I have 2 questions. I can only guess at the answers. What are your answers?
- Why is the yield curve U-shaped? I asked AI for examples of previous U-shaped curves, and it couldn’t report any. Instead, it said they are “rare.” AI provided several possible explanations for the current U-shape, like supply-and-demand and investor inflation expectations, but without a precedent we just can’t tell.
- Why did the Treasury buy back $10 Billion in short-to-intermediate bonds? The Treasury’s previous largest buyback happened in 2000, at approximately $3 billion. The 6/3 buyback is big.
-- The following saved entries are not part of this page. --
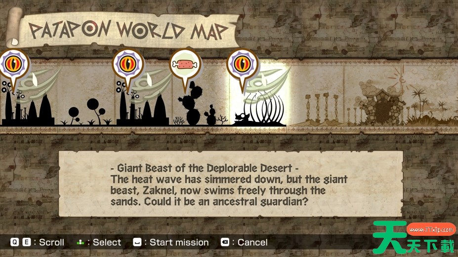 世界尽头探险 穿越7大奇幻地貌,从灼热沙漠到机械废都,每个区域都有专属BGM和隐藏BOSS挑战。 部队编成实验室 自由混编不同职业比例,测试发现隐藏兵种搭配,如全部选用旗手PON会解锁狂欢节阵型。 稀有变异孵化 战斗中低概率出现闪光PATAPON,拥有特殊属性加成,可通过特定饲料培养出传说级个体。 双作完整传承 包含1代史诗征程与2代英雄进化系统,追加全新最终试炼"诸神黄昏"关卡。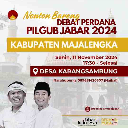 Masyarakat Kabupaten Majalengka antusias menyambut gelaran acara Nonton Bareng debat perdana Pilgub Jawa Barat 2024 yang akan diadakan pada Senin, 11 November 2024. Acara ini akan berlangsung di Desa ...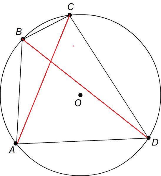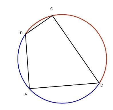 \bf \stackrel{2(\measuredangle A)}{\widehat{BCD}}+\stackrel{2(\measuredangle C)}{\widehat{BAD}}=360\implies 2A+2C=360\implies 2(A+C)=360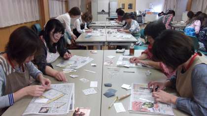 当日は、「ゆう工房」の先生方のご指導により、銀粘土をひねって、好みの形に成型し、窯で焼きあげて、世界に一つしかない、オリジナルのアクセサリーが完成しました。
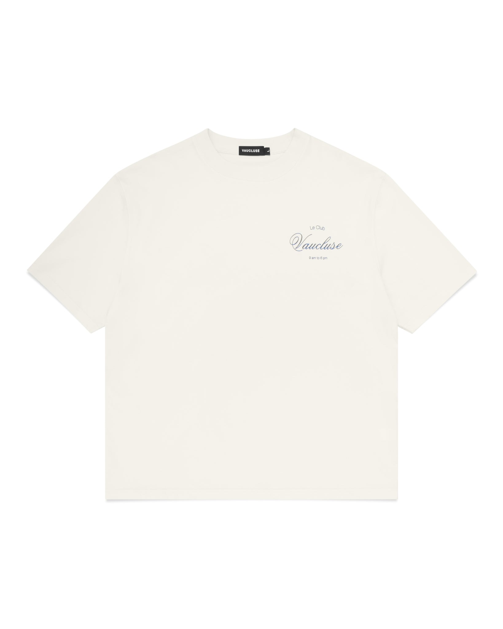 Introducing the Le Club Vaucluse T-Shirt in Butter. Featuring our Le Club Vaucluse graphic across the left chest and back. Cut to a slightly oversized fit, crafted from a mid weight 255gsm 100% cotton.

I have a possible explanation for this buyback – it was to save money. My guess is that the Treasury issued notes in the 2-5 year maturity range at 4% interest to finance the buyback of bonds that paid 4.4% at the near-dated end of the curve. The 0.4% savings on interest is $40 Million on $10 Billion in redeemed bonds. You’d think that supply-demand considerations would have flattened out the yield curve following the buyback, but it didn’t, so maybe my guess is wrong and/or $10 Billion just isn’t enough to move the needle.
Conclusion
This is short because I have no solid answers. I merely want to present the puzzle and start a conversation. It appears that the current U-shape is unprecedented in the US as is the recent buyback. This hasn’t happened before.
What do you think is going on here? There is a story. What is it?